20120716

Oxford

I must have done well in my entrance exams because I won a scholarship.  A small group of us traveled to Oxford for the interview.  It was very cold at the time, and the only form of heat in the room I had been billeted in was a one-bar electric fire set into the wall.  I remember huddling around the fire with many layers of clothing and still feeling cold.  The chairs were upholstered with some hard, coarse material which had as much give in them as coconut door matting. And the nearest toilet and wash-room was down a flight of stairs and across the quad.  I understand that Oriel College has now gone soft with en-suite showers and central heating.

In spite of these (literal) inconveniences I look back at my time in Oxford with great thankfulness.

On going up for my first year I was allocated a room in the north-west corner of the Rhodes building, with the same one-bar electric fire, and nearest loo outside in the quad arrangement. But bliss, oh bliss: in the basement at the foot of our stairwell a wash-room with a concrete floor, several baths long enough to lay down in, open-plan showers with huge shower-roses supplied by 3/4" pipe work, and lashings of hot water.  Everything in one room, open-plan style, but that didn't faze me. To this day this sort of arrangement has been my prototype for the ideal bathroom.
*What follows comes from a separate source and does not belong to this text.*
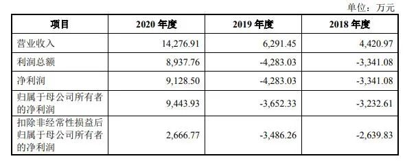 财务数据方面,招股书显示,和元生物2018年度-2019年度,营业收入分别为4420.97万元、6291.45万元及1.43亿元,年均复合增长率达79.70%,增速较快,扣除非经常性损益后归属于母公司所有者的净利润分别为-2,639.83万元、-3,486.26万元及2,666.77万元,在2020年度实现扭亏为盈。

Regrettably no one else agrees.

The Rhodes Building - my room was on the first floor to the left

My next door neighbour, Neil Mapley, was a self confessed pyromaniac. More to suppress the traffic noise than to create a warmer environment our windows had sliding "double" glazing panels on the inside.  I remember Neil putting bits of paper in the space between the window proper and this sliding panel and lighting them - I tried to stop him...  I enjoyed several walking holidays and one sailing holiday with him: he's the one with the generous mop of hair in my pictures below. Sadly Neil was killed in a motor-bike accident in Africa a number of years ago.
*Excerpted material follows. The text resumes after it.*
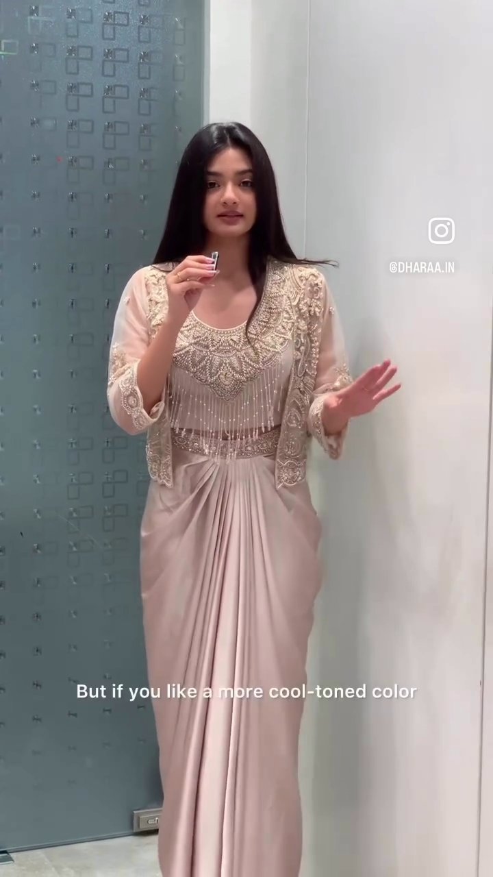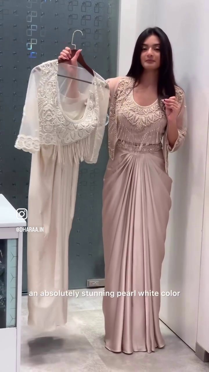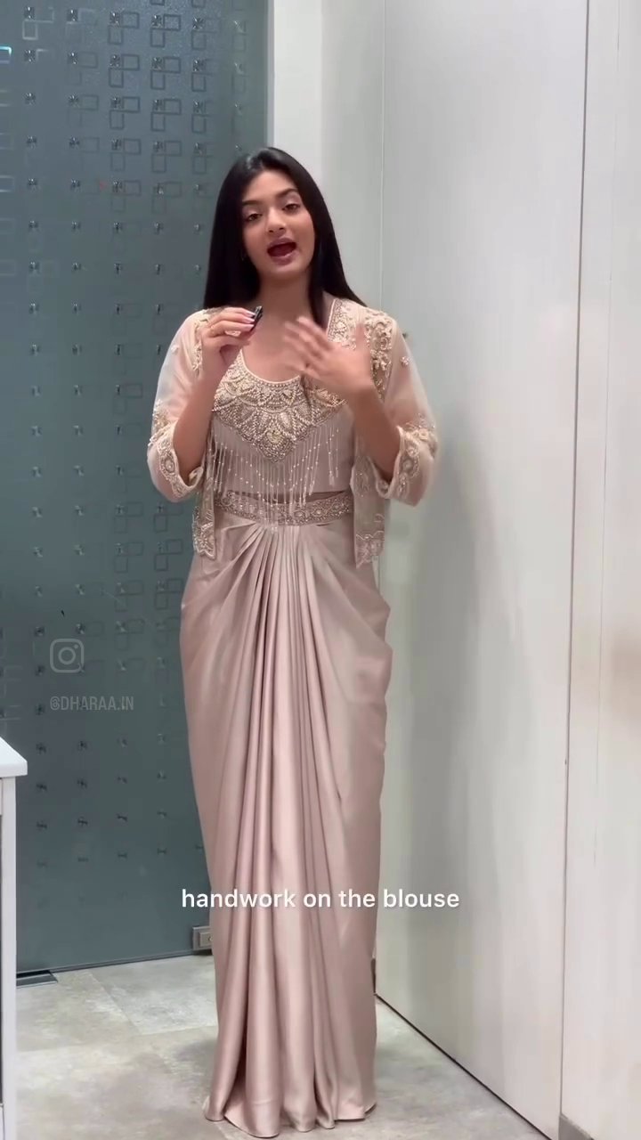 This elegant saree features a luxurious drape with intricate embellishments on the blouse and a matching jacket, offering a sophisticated and modern take on traditional Indian wear. Its graceful silhouette and detailed craftsmanship make it a stunning choice for special occasions. | Video taken on: Dec 11, 2025, 6:44:44?PM UTC

 Neil Mapley and Mike Attwood descending Helvellyn to the Striding Edge

Neil Mapley and Ranolph Poole on the Norfolk Broads

The 2011 edition of the Oriel College Record article "100 years of the Rhodes Building: its creation and a re-appraisal" reveals that the building was opened in 1911.  I had always assumed it was much older.

Recent picture of the front of the Rhodes Building - my room's window is highlighted

The building is famed for its statues with Cecil himself in South African garb taking the highest position. The inscription beneath his statue reads (when translated from the Latin) "From the great generosity of Cecil Rhodes".  The enlarged letters are a chronogram giving the date of construction, 1911, in roman numerals but involving a little "poetic" license as explained here.